For quartering large bodies of armed troops among us:

For protecting them, by a mock Trial from punishment for any Murders which they should commit on the Inhabitants of these States:

For cutting off our Trade with all parts of the world:

For imposing Taxes on us without our Consent:

For depriving us in many cases, of the benefit of Trial by Jury:

For transporting us beyond Seas to be tried for pretended offences:

For abolishing the free System of English Laws in a neighbouring Province, establishing therein an Arbitrary government, and enlarging its Boundaries so as to render it at once an example and fit instrument for introducing the same absolute rule into these Colonies

For taking away our Charters, abolishing our most valuable Laws and altering fundamentally the Forms of our Governments:

For suspending our own Legislatures, and declaring themselves invested with power to legislate for us in all cases whatsoever.

He has abdicated Government here, by declaring us out of his Protection and waging War against us.

He has plundered our seas, ravaged our coasts, burnt our towns, and destroyed the lives of our people.

He is at this time transporting large Armies of foreign Mercenaries to compleat the works of death, desolation, and tyranny, already begun with circumstances of Cruelty & Perfidy scarcely paralleled in the most barbarous ages, and totally unworthy the Head of a civilized nation.

He has constrained our fellow Citizens taken Captive on the high Seas to bear Arms against their Country, to become the executioners of their friends and Brethren, or to fall themselves by their Hands.

He has excited domestic insurrections amongst us, and has endeavoured to bring on the inhabitants of our frontiers, the merciless Indian Savages whose known rule of warfare, is an undistinguished destruction of all ages, sexes and conditions.

In every stage of these Oppressions We have Petitioned for Redress in the most humble terms: Our repeated Petitions have been answered only by repeated injury. A Prince, whose character is thus marked by every act which may define a Tyrant, is unfit to be the ruler of a free people.

Nor have We been wanting in attentions to our British brethren. We have warned them from time to time of attempts by their legislature to extend an unwarrantable jurisdiction over us. We have reminded them of the circumstances of our emigration and settlement here. We have appealed to their native justice and magnanimity, and we have conjured them by the ties of our common kindred to disavow these usurpations, which would inevitably interrupt our connections and correspondence. They too have been deaf to the voice of justice and of consanguinity. We must, therefore, acquiesce in the necessity, which denounces our Separation, and hold them, as we hold the rest of mankind, Enemies in War, in Peace Friends.

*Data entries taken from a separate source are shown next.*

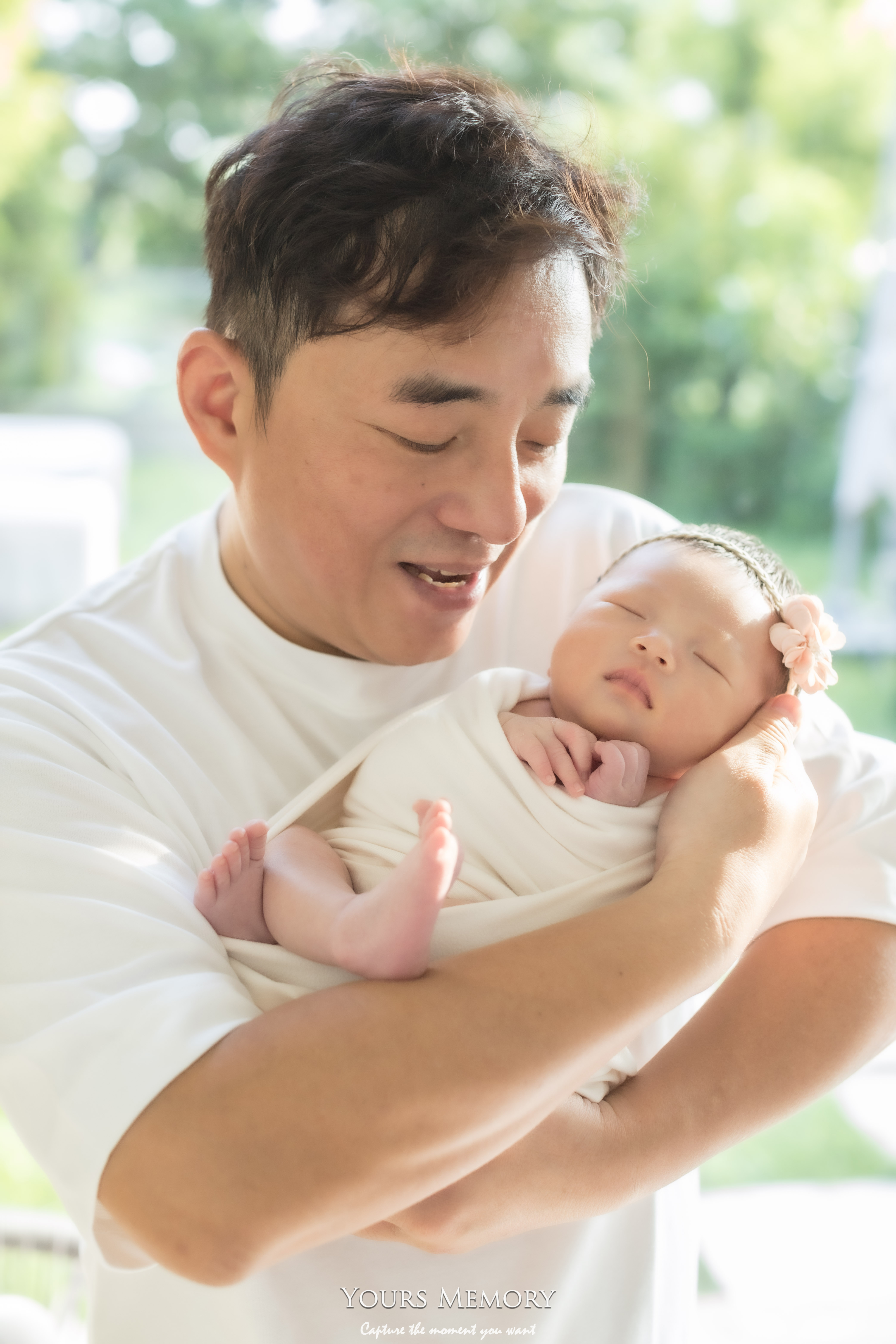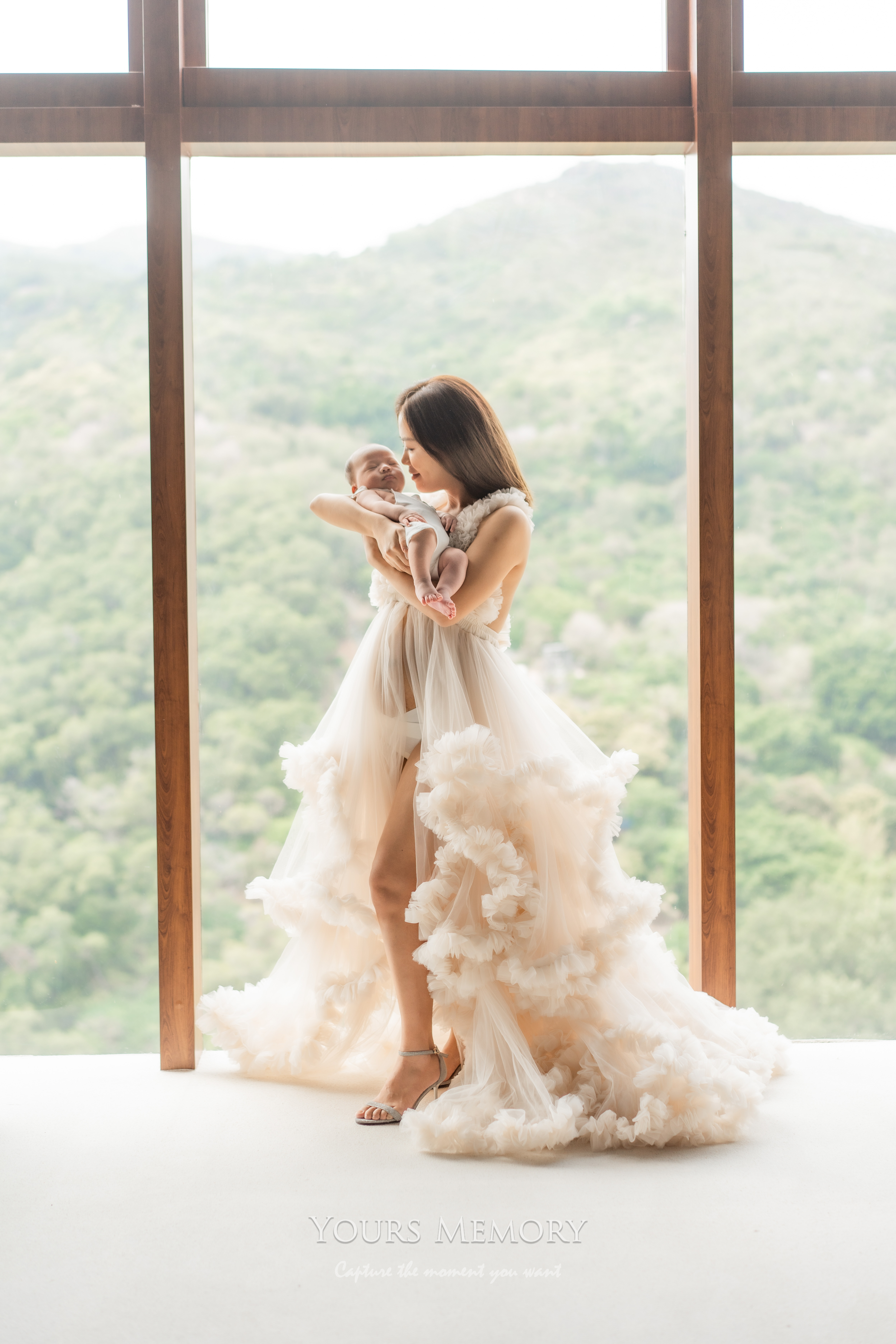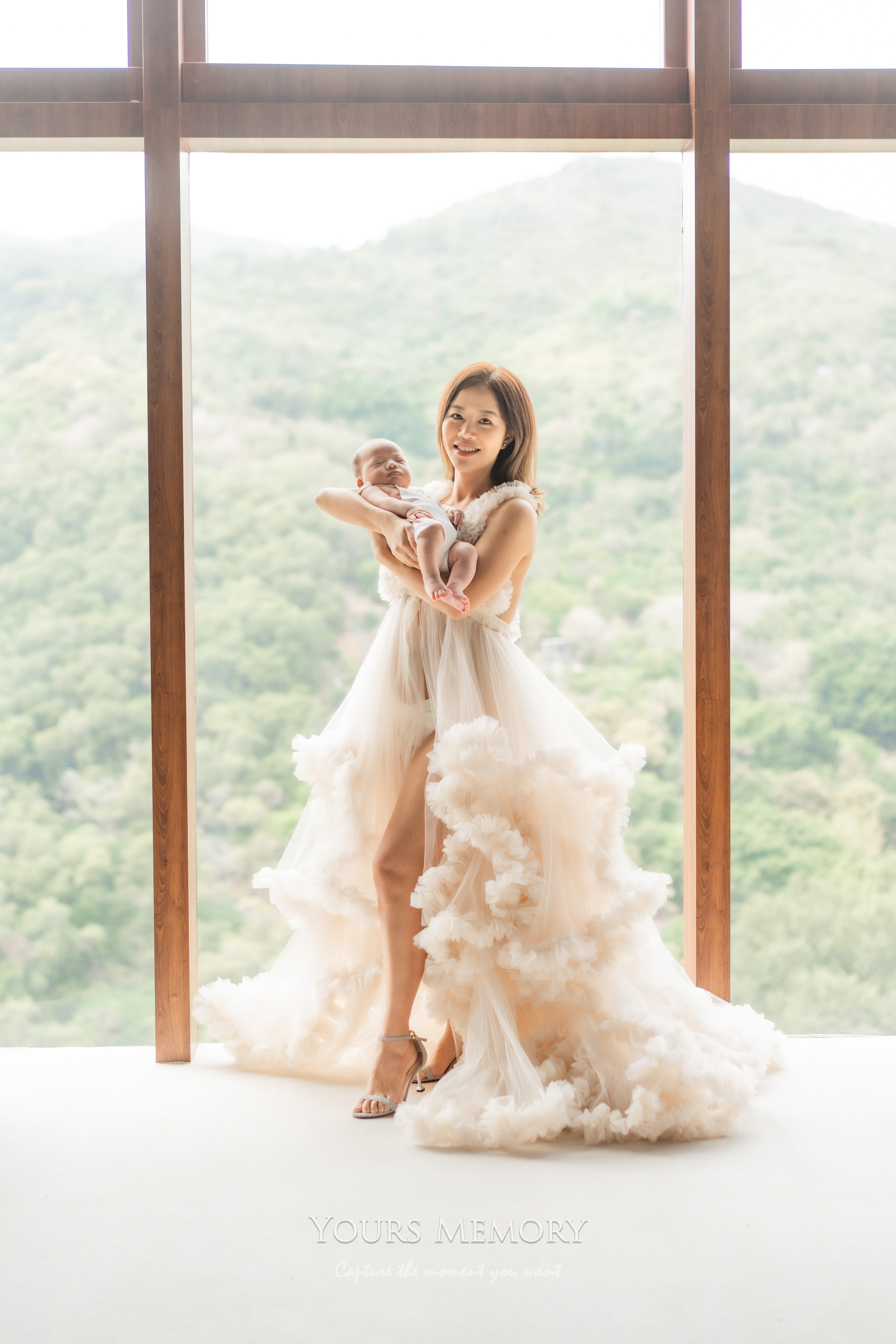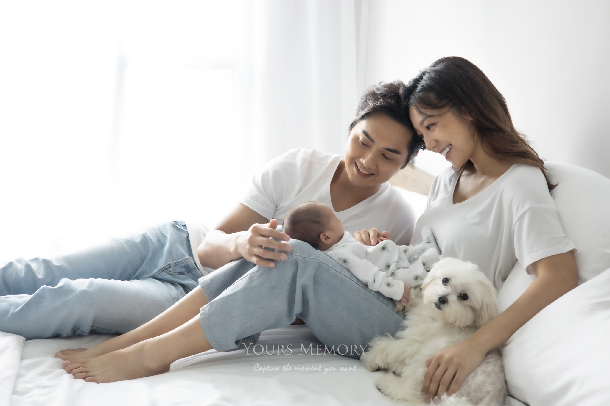 「屋企其實唔算大,本身諗住出影樓,但生完實在太攰。好彩揀咗 YM 上門,佢哋只需要一張床嘅位就佈置到好靚嘅場景,即日收到原相全家人都睇得好開心!」
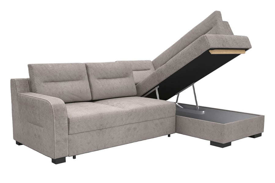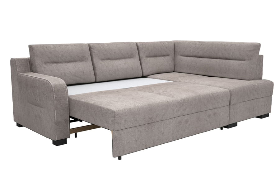 - narożnik z funkcją spania ( bardzo prosty system rozkładania stosowany w narożnikach. Jego atutem jest łatwe rozkładanie spania “jednym ruchem”. Rozkładanie polega na zdjęciu ewentualnych poduch oparciowych, a następnie uniesienie siedziska do góry i opuszczeniu w przód. Równocześnie, samoczynnie spod siedziska, wysuwa się druga powierzchnia do spania. Jest to przemyślane rozwiązanie ponieważ nie uszkadza podłogi podczas składania i rozkładania mebla. Nie trzeba składać oparcia, a mechanizm jest bardzo praktyczny i łatwy w obsłudze. )
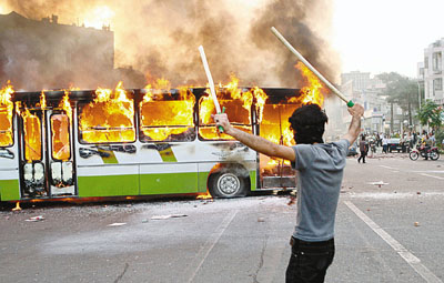 他說(shuō)示威隊(duì)伍約1000人,后來(lái)大批駕駛電單車的軍警人員逼近,毆打他們,人群四散躲避之際,民兵卻帶著棍棒在小巷里埋伏。示威者霎時(shí)間無(wú)路可退,幸得巷里人家開(kāi)門營(yíng)救。當(dāng)示威者遠(yuǎn)離警察和民兵后,便高呼“伊朗已變成巴勒斯坦”等口號(hào),駛經(jīng)的汽車都響號(hào),公共汽車乘客揮手支持。
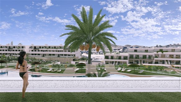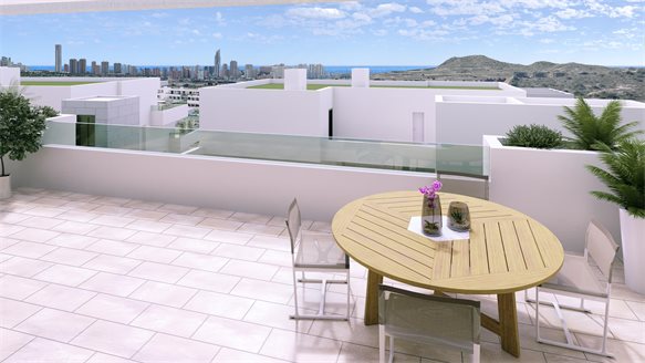 This project is a group of houses on two levels: apartments with large bright terraces and villas on their own plots. The complex is located next to Avenue de America, in the best area of the north of the Costa Blanca. Picturesque views, modern design, quality of construction have created in this project a unique space for life on the Mediterranean Sea. The residence has spacious common areas with pools, a children's playground, paddle tennis courts, a gym, locker rooms. Nearby is the Asía Gardens Hotel, golf courses, Villa Aitana Hotel, Terra Mitica Theme Park. The residential complex is located near the AP-7 motorway. Just a few minutes away is the commercial area of the region, as well as all the services of the most powerful tourist center of the Costa Blanca.
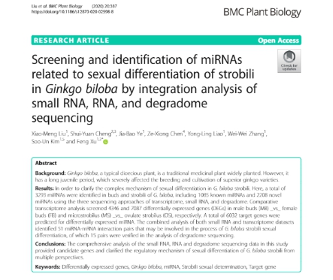 (通讯员 刘晓梦 何筱)2020年8月,我中心2019级博士研究生刘晓梦以第一作者身份在BMC Plant Biology期刊上发表了题为《Screening and identification of miRNAs related to sexual differentiation of strobili in Ginkgo biloba by integration analysis of small RNA, RNA, and degradome sequencing》(https://rdcu.be/b6sdL)(图1)的研究文章,该生导师许锋教授为通讯作者,威廉williamhill为第一署名单位。
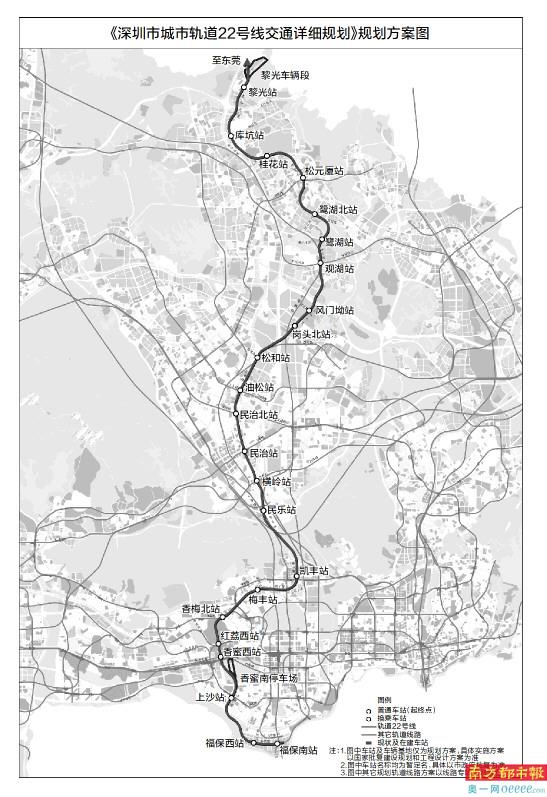南都讯 记者张艳丽 10月11日,深圳市规划和自然资源局发布地铁22号线详细规划。根据规划方案,22号线设计最高运行速度为100公里/小时,采用A型车8辆编组,主要承担福田主中心对龙华和东莞等地区的辐射带动作用、促进多中心组团式空间结构的形成和缓解中部走廊交通压力的功能,实现福田主中心与观澜组团中心45分钟、临深片区60分钟通达的规划目标。
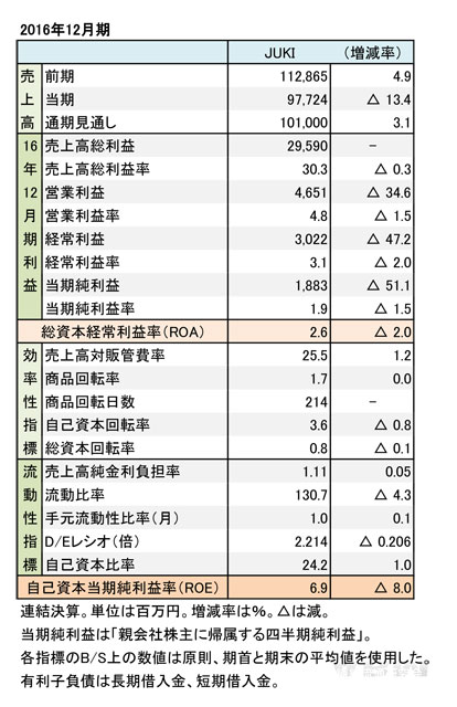 JUKI 2016年12月期 本決算

We, therefore, the Representatives of the united States of America, in General Congress, Assembled, appealing to the Supreme Judge of the world for the rectitude of our intentions, do, in the Name, and by Authority of the good People of these Colonies, solemnly publish and declare, That these united Colonies are, and of Right ought to be Free and Independent States, that they are Absolved from all Allegiance to the British Crown, and that all political connection between them and the State of Great Britain, is and ought to be totally dissolved; and that as Free and Independent States, they have full Power to levy War, conclude Peace, contract Alliances, establish Commerce, and to do all other Acts and Things which Independent States may of right do. — And for the support of this Declaration, with a firm reliance on the protection of Divine Providence, we mutually pledge to each other our Lives, our Fortunes, and our sacred Honor."